DCON2025 Finals Appearance — AgriNode
奧村 魁斗

We competed in the finals of the 7th National Institute of Technology Deep Learning Contest (DCON2025) as "Rebounder," a joint team from Gifu National College of Technology and Fukushima National College of Technology.
About "AgriNode"
AgriNode is a system designed to solve the problems of theft and underpayment at unmanned farm stands.
Background and Challenges
Unmanned farm stands are an important sales channel for aging agricultural producers looking to expand their reach. However, issues such as non-payment and product theft occur frequently, resulting in serious revenue losses.

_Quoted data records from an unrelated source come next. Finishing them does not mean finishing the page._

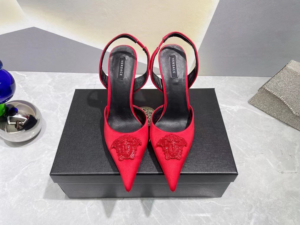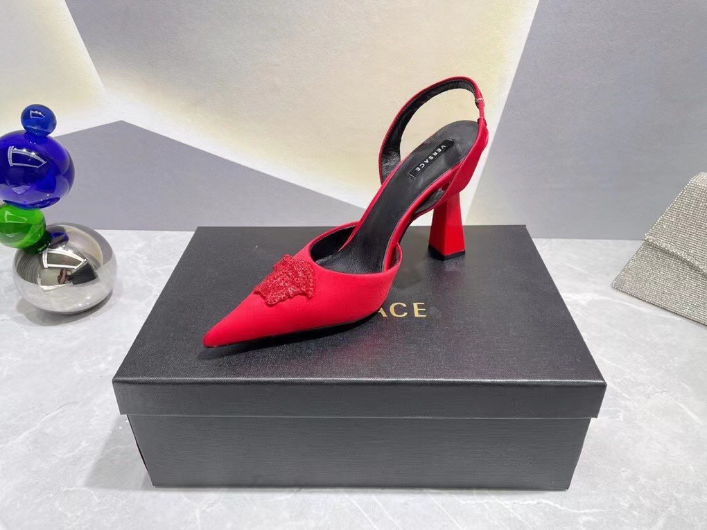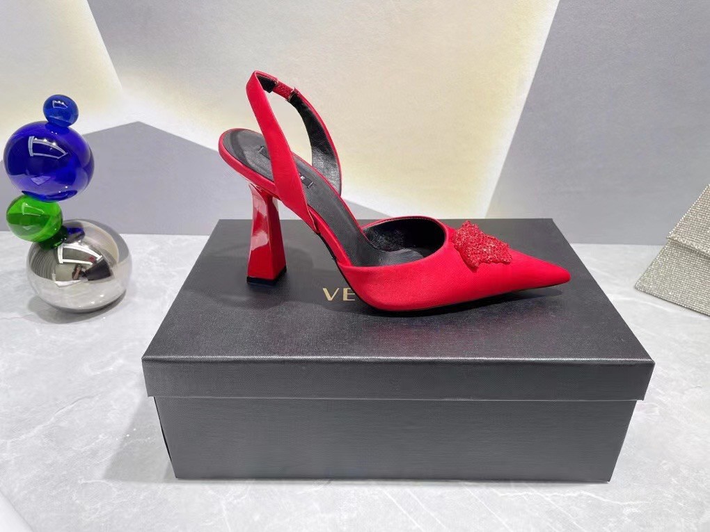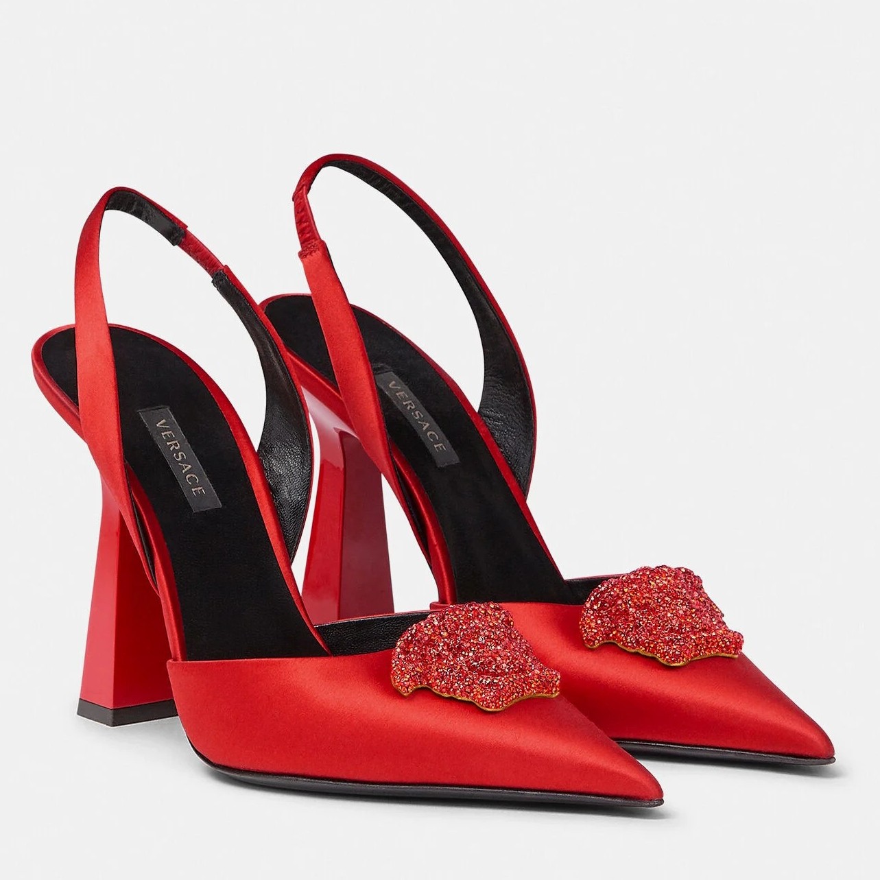 Effortlessly elegant, these slingbacks are crafted from smooth satin. The sleek pointed toe silhouette is adorned with a fully crystal-encrusted Medusa plaque – the iconic décor found on the doors of the brand’s first headquarters in Milan.
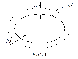 Пусть газ массой М, объемом V заключен (рис. 2.1) в эластичную оболочку с поверхностью f и находится под давлением р. При подводе к газу теплоты dQ он расширится (каждая точка оболочки переместится на расстояние dx) и совершит работу , Дж. Поскольку , м3, то .
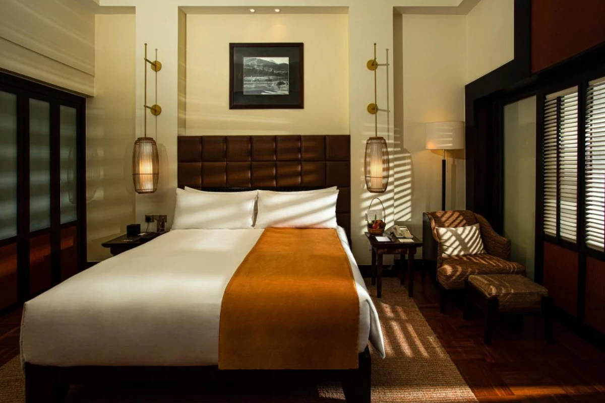 The 293 spacious rooms and suites blend contemporary Vietnamese decor with modern comforts, featuring wooden floors, flat-screen TVs, minibars, and private balconies with tranquil views of the lake, pool, or Hanoi's skyline. Large en-suite bathrooms with walk-in rainshowers and deep bathtubs provide a refined retreat, enhanced by premium toiletries, ensuring an elegant and restful stay.

Conventional surveillance cameras only allow for after-the-fact review and are unable to detect fraud in real time.
Solution
AgriNode combines AI cameras with load cells (weight sensors) to deliver the following capabilities:
- Product removal detection: AI cameras accurately detect when a product is picked up
- Payment monitoring: Load cells detect coin insertion and cross-reference it with product removal
- Real-time fraud detection: Instantly detects underpayment or product theft and sends smartphone notifications
- Low cost, easy installation: Can be retrofitted to existing unmanned farm stands
Smartphone Integration
Sellers can monitor sales in real time through a smartphone app, enabling remote sales management from anywhere.
Mentor
Yosuke Okada, Representative Director and CEO of ABEJA, Inc. (株式会社ABEJA), served as the mentor for this project.
About the Team
The team name "Rebounder" is the same as our company name. This challenge at DCON became the origin of Rebounder, Inc. We will continue to apply the technical skills and entrepreneurial spirit cultivated at our colleges of technology to solving societal challenges.